AU’s legislative department also pointed out that the Douglas County voucher scheme did not prohibit students who live in the school district but already attend private schools from enrolling in the public schools in order to obtain a voucher.

Instead of scrapping the scheme as they should have, board members tinkered with its provisions to make it look less obviously problematic.

The new proposal expands the boundaries to include a more diverse group of private schools, not just religious ones. A provision was added stating that current private school students who enroll in public school would not be eligible for the voucher money until one year later.

The board also tacked on a provision allowing students to opt out of religious instruction at religion-based schools.

But that just shows board members’ fundamental misunderstanding of how religious schools work. Church officials usually pervade every course with the teachings of their faith. It isn’t possible for students to “opt out.”

And the changes don’t alter the bottom line: public funds will still be funneled to support religious schools.
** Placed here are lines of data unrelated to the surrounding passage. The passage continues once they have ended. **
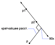 Определение кратчайшего расстояния от точки p до линии, проходящей через точки p1 и p2.
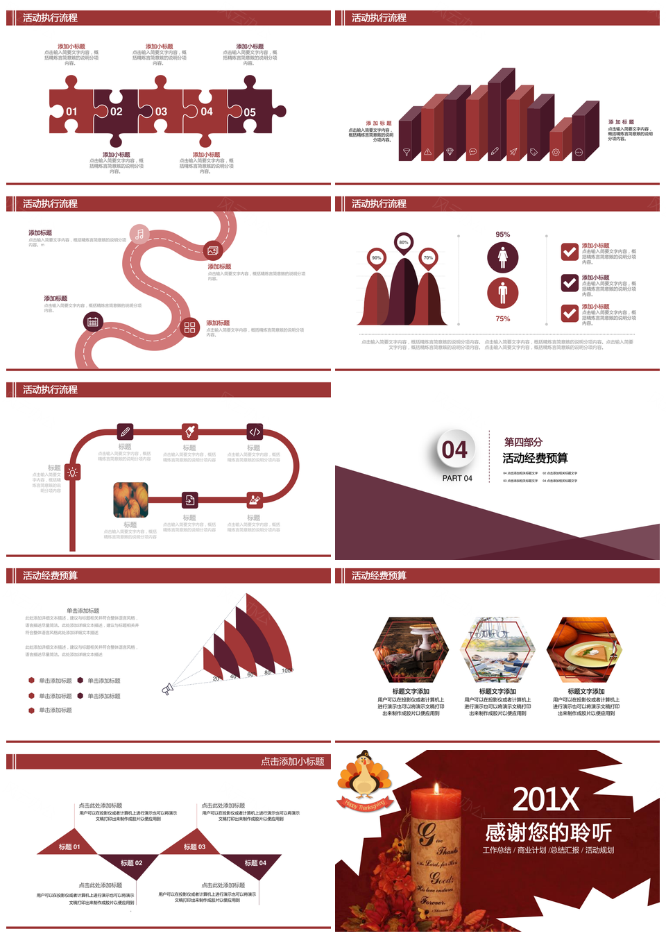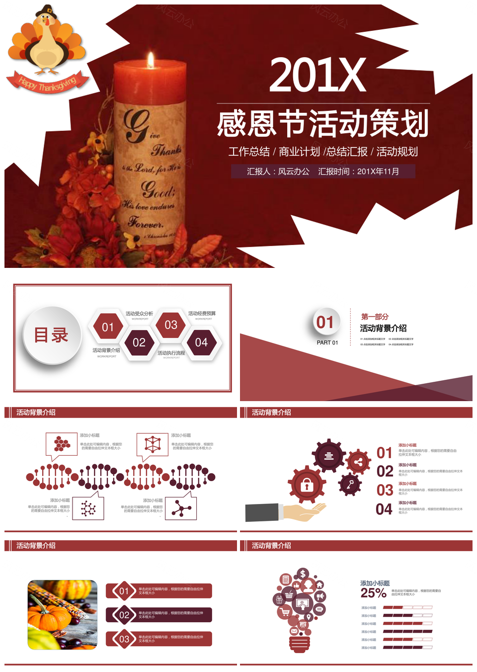 这是一张感恩节活动策划PPT模板,包含感恩节、活动、策划等主题内容,也可用作感恩节、活动、策划 感恩节活动策划、感恩节活动、感恩节策划、活动策划等PPT场景使用。 风云办公提供的感恩节活动策划PPT模板,下载格式为pptx,一共27页,作品中文字及图均可以修改和编辑,图片更改请在作品中右键图片并更换,文字修改请直接点击文字进行修改。
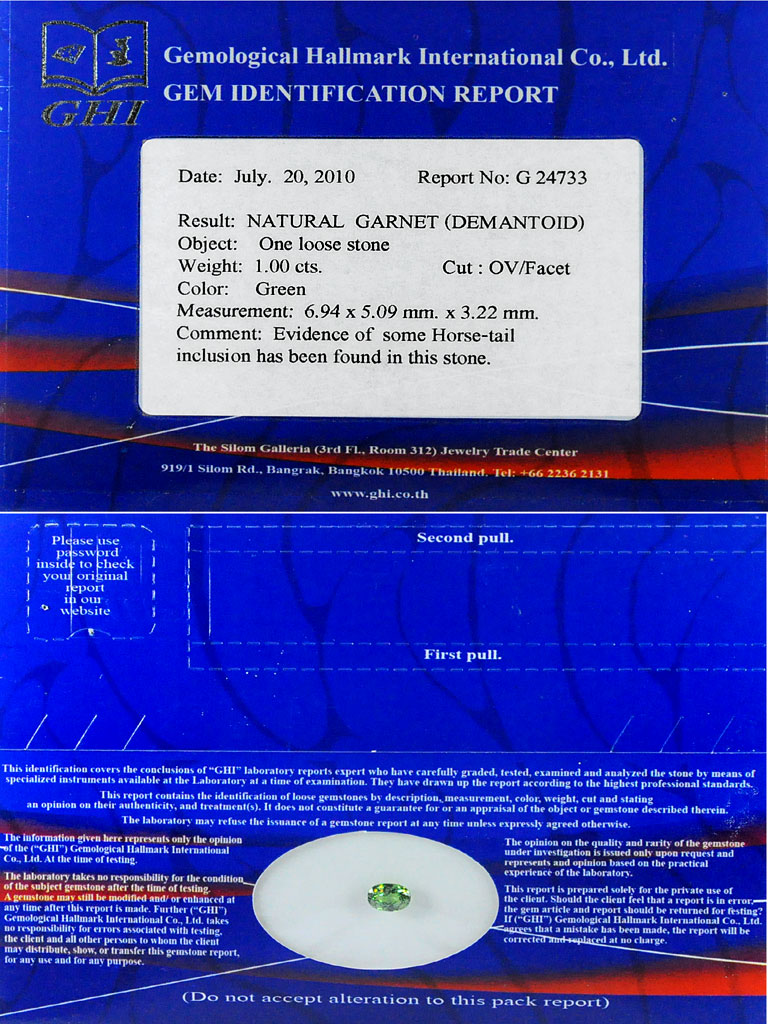 Certified Green Demantoid Garnet 1.00 Ct. Oval 6.94 x 5.09 Mm. Natural Gemstone
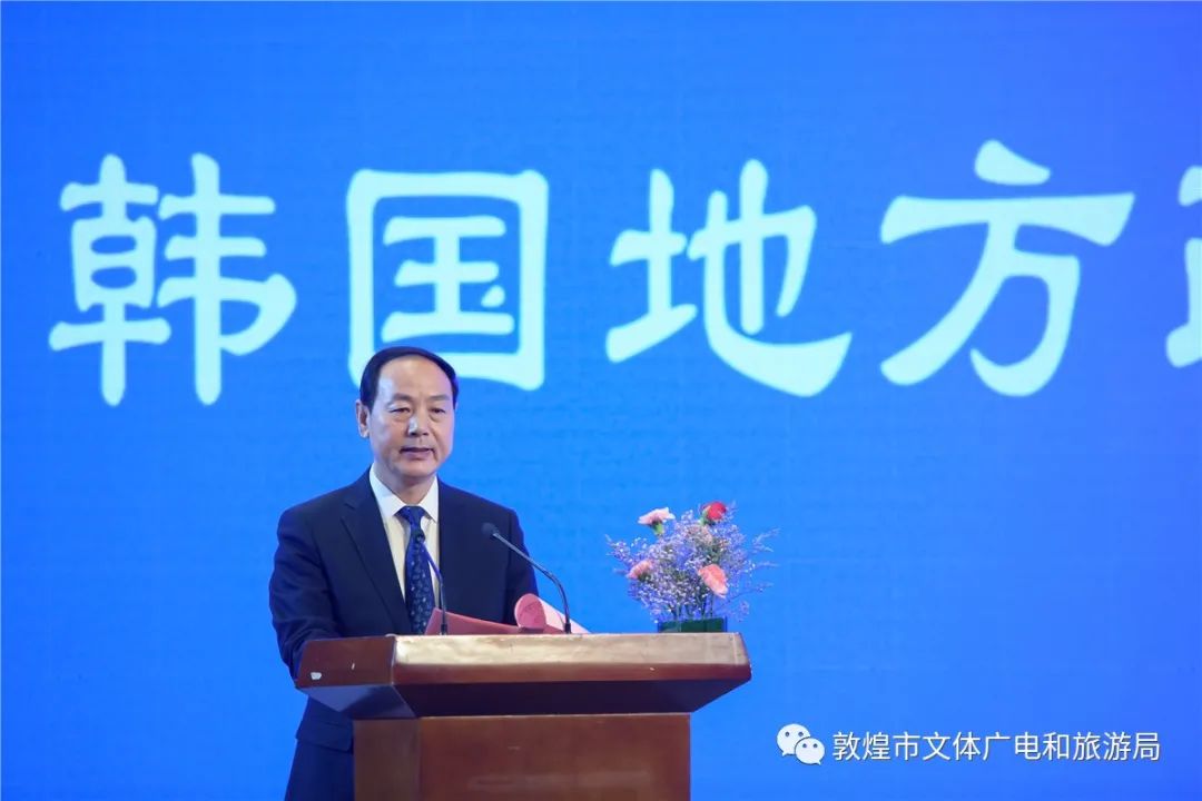 敦煌市委副书记陈国材在推介会上致辞。陈国材副书记向代表们详细介绍了敦煌概况,敦煌文化旅游资源、敦煌在丝绸之路上的历史地位。他在致辞中说,中国和韩国一衣带水,敦煌与韩国城市间的交流也源远流长。去年,敦煌市与韩国顺天市共同成功当选“东亚文化之都”,让我们有幸能够与韩国的朋友们共同在加强东亚国家友好交往、促进人文交流、深化文明交融互鉴等方面开展更多交流合作。我们坚信这次会议必将在深化中韩两国之间的交流合作、增进两国人民友谊等方面发挥积极作用。
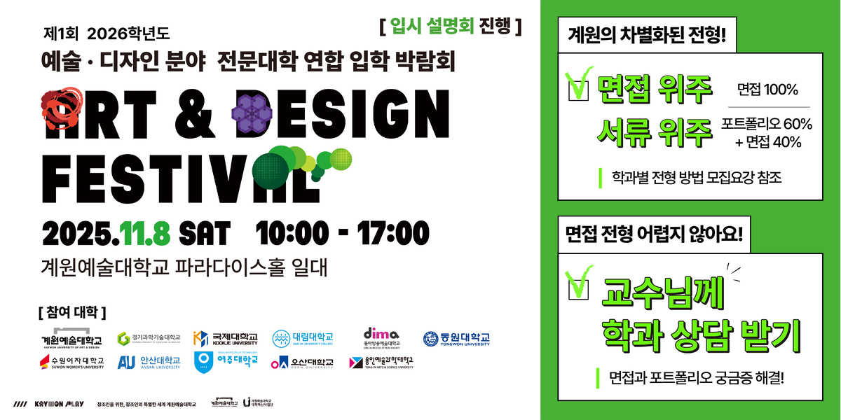 계원예술대학교 관계자는 “이번 행사는 예술·디자인 전문대학이 협력해 수험생에게 보다 깊이 있는 정보를 제공하는 데 초점을 맞췄다”며 “입시상담을 넘어 예술을 직접 체험하며 진로를 탐색할 수 있는 기회를 제공할 것”이라고 말했다.
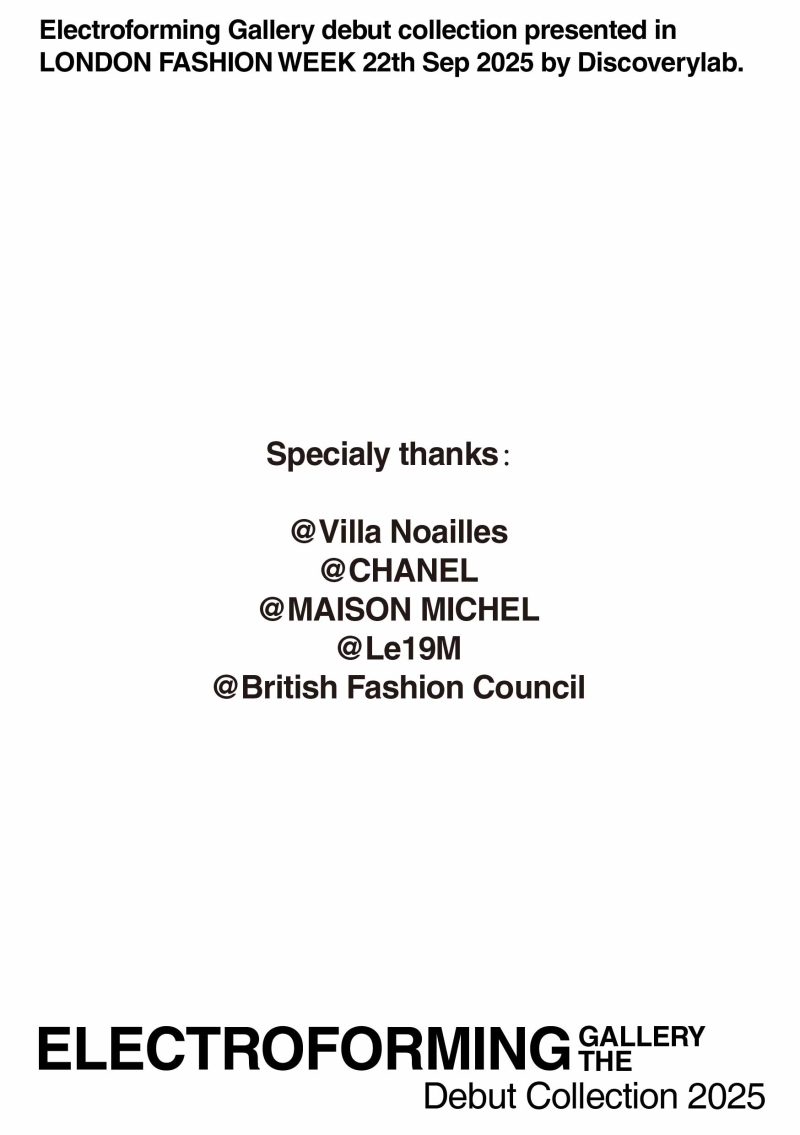 Electroforming Gallery, established by Chiyang Duan in London in 2025, is an art space that exhibits fashion and accessories. The space was founded by curator duo Chiyang Duan and Yihan Huang, who are both graduates of the Royal College of Art. Each season, the gallery presents a different theme of fashion objects and products, showcasing diverse artistic direction curated by the duo of curator & designer.
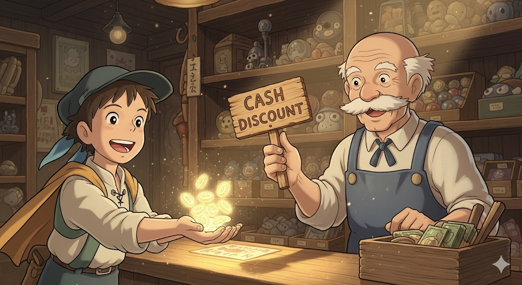 현금 할인. 현금으로 지불할 때 제공되는 할인.
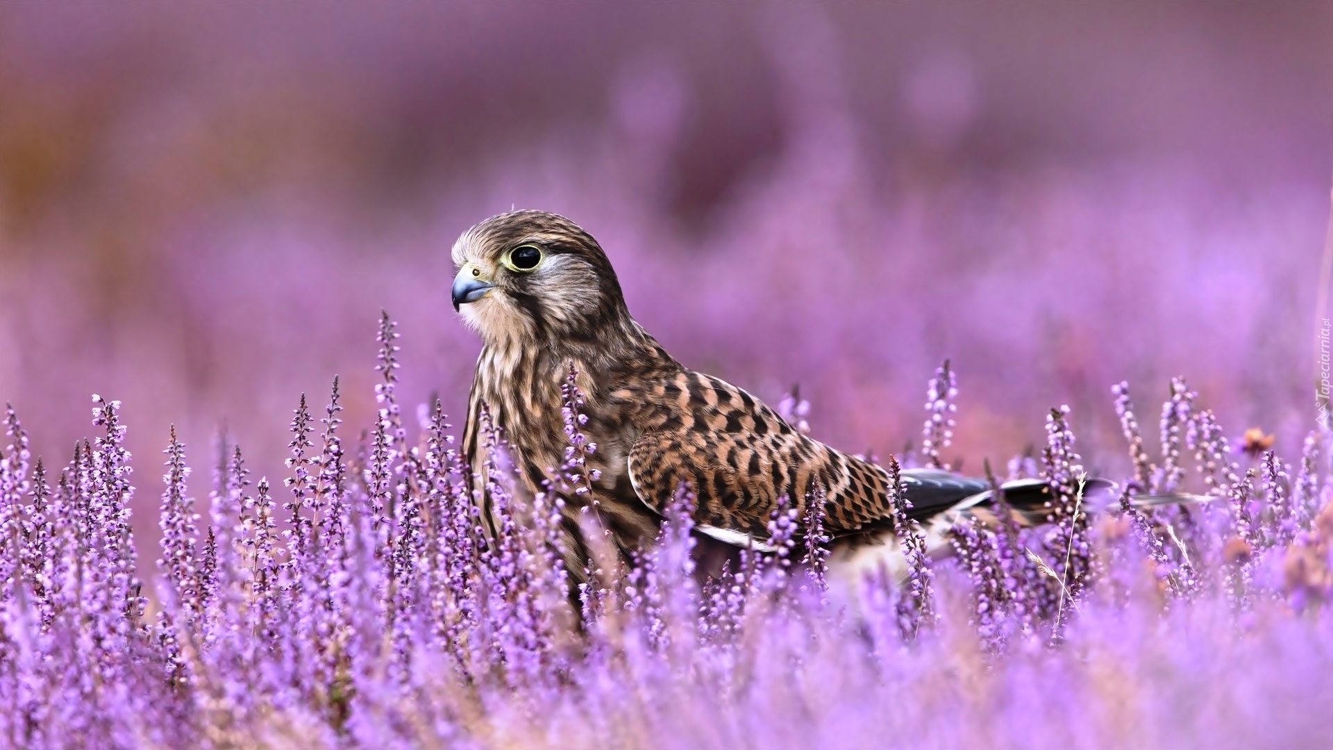 Edytor tapety: Pustułka zwyczajna wśród wrzosu
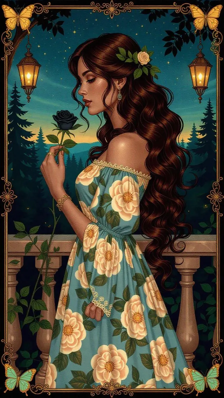 A mysterious queen with layered sun-kissed hair, wearing a flowing gown with a floral print, holds a black rose while standing on a quaint balcony overlooking a starry night sky. The background showcases a lush, enchanted forest with glimmering lanterns. The card border features cheerful butterfly and star motifs, accented with pastel blue and yellow decorations, and adorned with sparkling peridots.
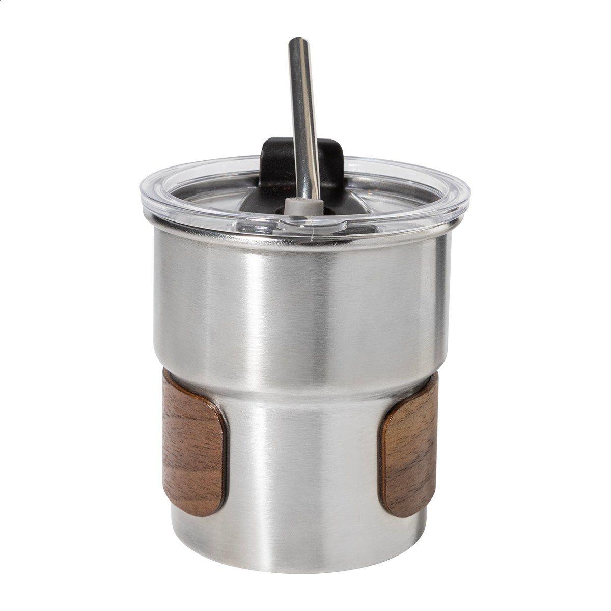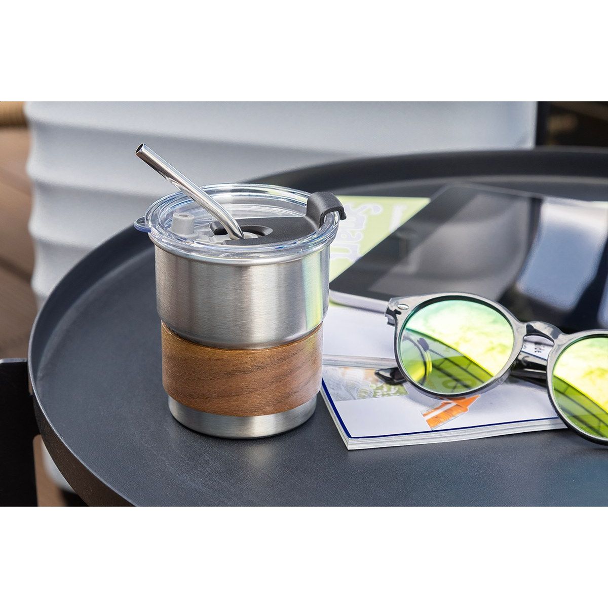 Jednostěnný cestovní hrnek z recyklované nerezové oceli s úchopem z ořechového dřeva, plastovým víčkem a brčkem z recyklované nerezové oceli. 260 ml.
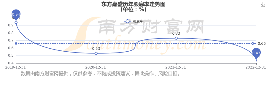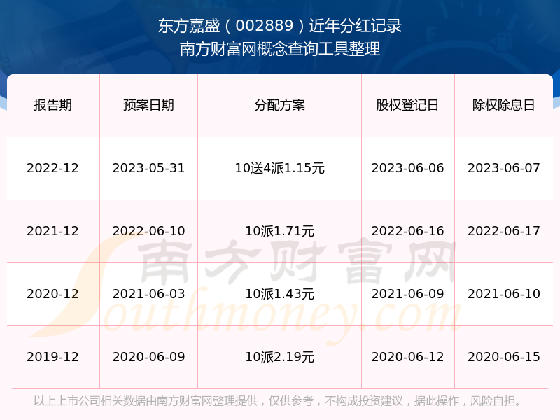 東方嘉盛最新一次公布的分紅方案為10送4派1.15元。本次權益分派股權登記日為2023年6月6日,除權除息日為2023年6月7日,派息日為2023年6月7日。
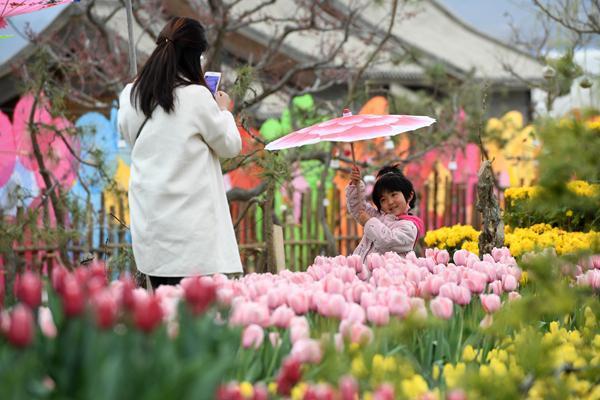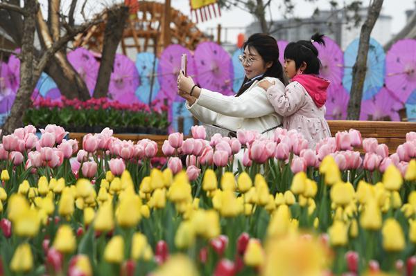 4月8日,在榆中縣李家莊田園綜合體內(nèi),游客在郁金香花叢中拍照留念。
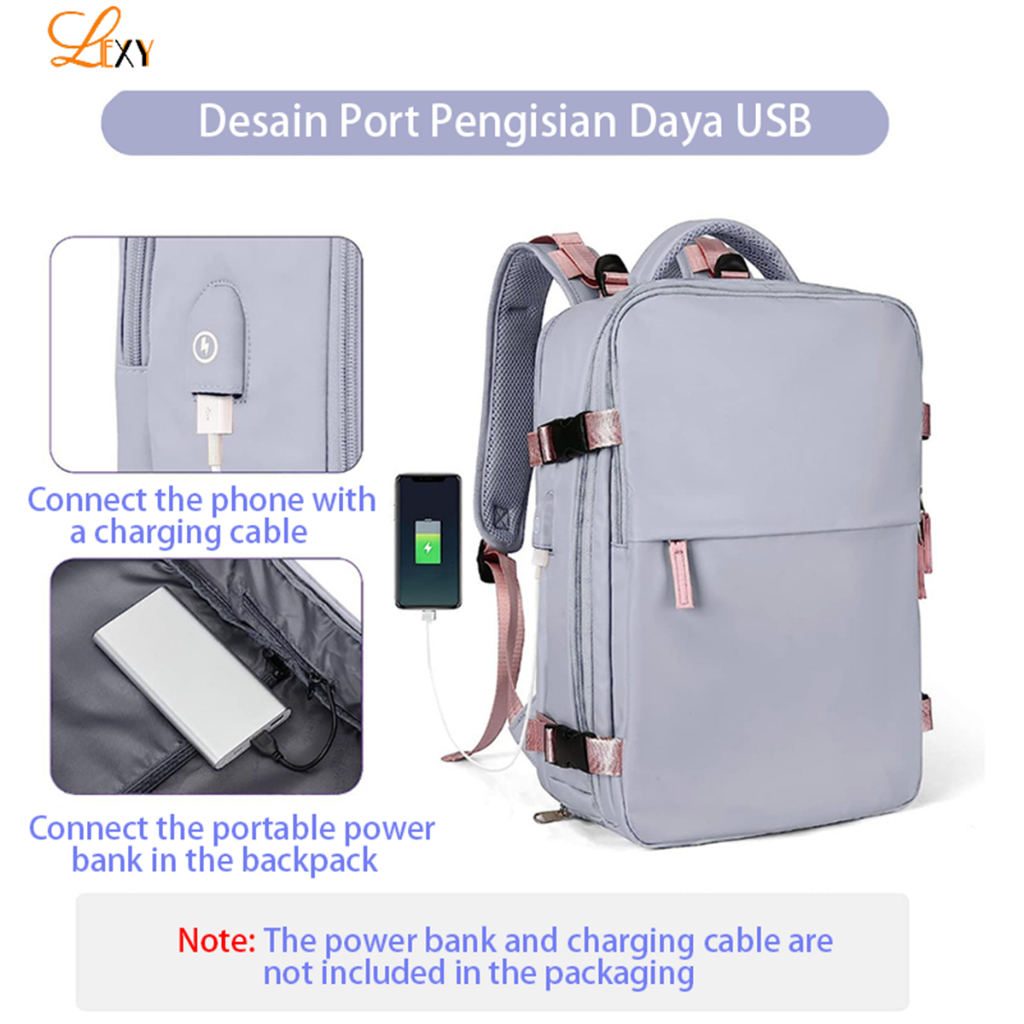 Lexy Tas Ransel Traveling Wanita Tahan Air Kapasitas Besar Outdoors Multifungs Tas Sekolah Wanita
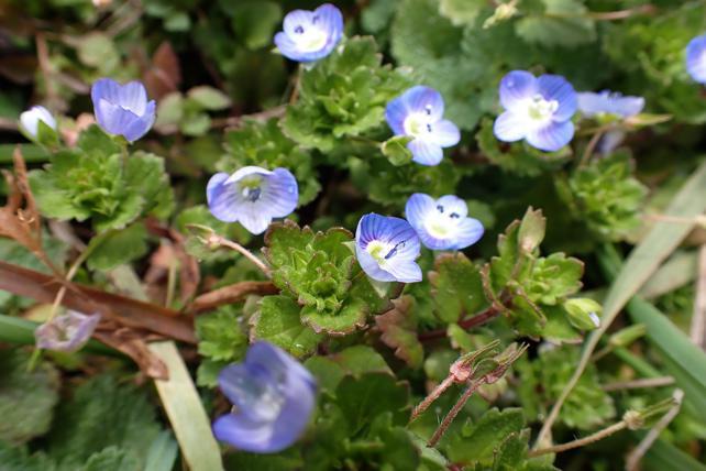 畔の中にはい入るように清純な花のイヌノフグリを見る。群生をなす。
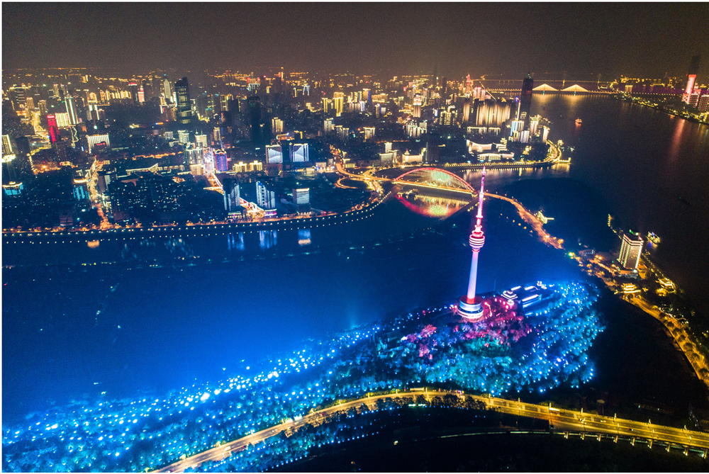 4月8日零时起,武汉市正式解除离汉离鄂通道管控措施。这是4月7日晚在武汉龟山拍摄的夜景(无人机拍摄)。资料图
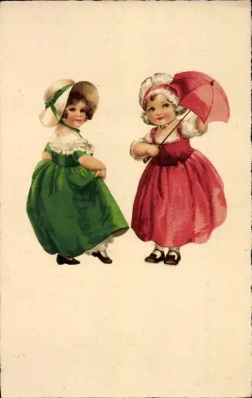 Ak Zwei Mädchen, Porträt, Sonnenschirm, Hut
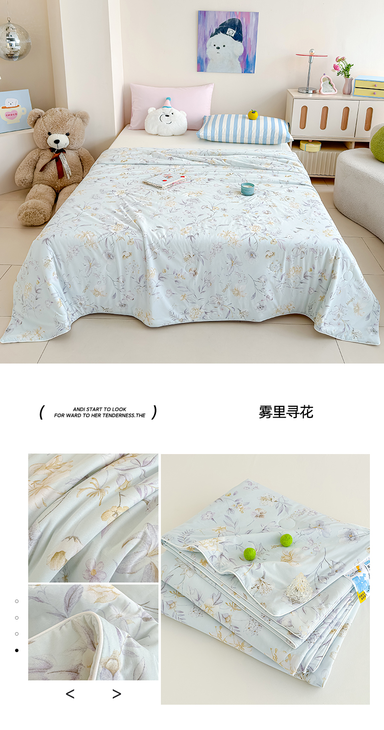 商品名称:芯恋家居 2026年新款小冰川凉感夏被冰皮凉感印花夏被凉感丝夏被(四周踩棉工艺) 雾里寻花

And these private schools are free to discriminate in hiring on grounds of religion or personal status. They can refuse to hire you if you’re gay or divorced or married to someone the church doesn’t approve of or a dozen other irrelevant factors.

That means Douglas County taxpayers will be footing the bill for private schools where they would not be eligible for employment even if they are eminently qualified.

It’s a shame the Douglas County school board ignored these serious civil rights and civil liberties concerns. Local activists say a lawsuit is likely.

Sadly, many other lawmakers across the country are considering following Douglas County’s lead.

No matter where you live, contact your members of Congress and your local legislators and government officials and tell them you do not support voucher subsidies for religious schools. We need to make our voices heard.